Still WIP, but the easy way out is to use criterion to set (and as a corollary) not set specific outputs.

The perfect solution would be an arbitarily large implementation of Rule 110 that is only bound by memory. Some imperfect solutions seem easily within reach:

  1. A small 5 block Rule 110 implementation seems doable by just hardcoding each pair-wise operation.
  2. There's some possibilities of chaining up workflows as well, by defining a separate workflow for each "computation". So you get N workflows to build a N-block implementation.
  3. If none of these work out, generating a really large workflow is still polynomial time, and considered okay.
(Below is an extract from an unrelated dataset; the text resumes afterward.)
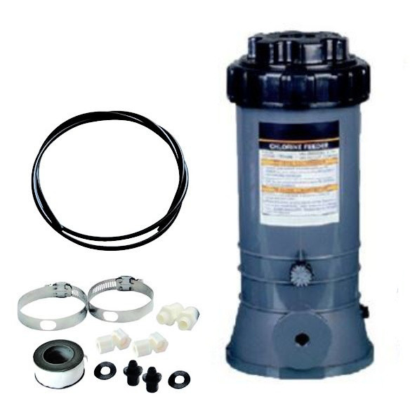 Dávkovač chemie do bazénu určený pro dávkování chloru pomalurozpustnými chlorovými, nebo bromovými tabletami. Instalace do bazénového potrubí pomocí hadiček. Maximální množství tablet 4kg.

So given N, we can statically generate a really large Arazzo Workflow that unrolls everything on compile time. This is technically not cheating, but not in the spirit of what we want to achieve.

Given enough time, I would also like to try similar investigations in the CI/CD Space against:

  1. GitHub Actions/Tekton/Jenkins Workflow Syntax
  2. Ansible YAML Templating
  3. Helm Templating

Aside

I mentioned in my talk that "trying to use something for unintended purposes" is a great way of learning it. That's very much the case here - I've found half a dozen corrections or clarifications in the spec, as a lot of what I'm trying to do searches for unintended behaviour.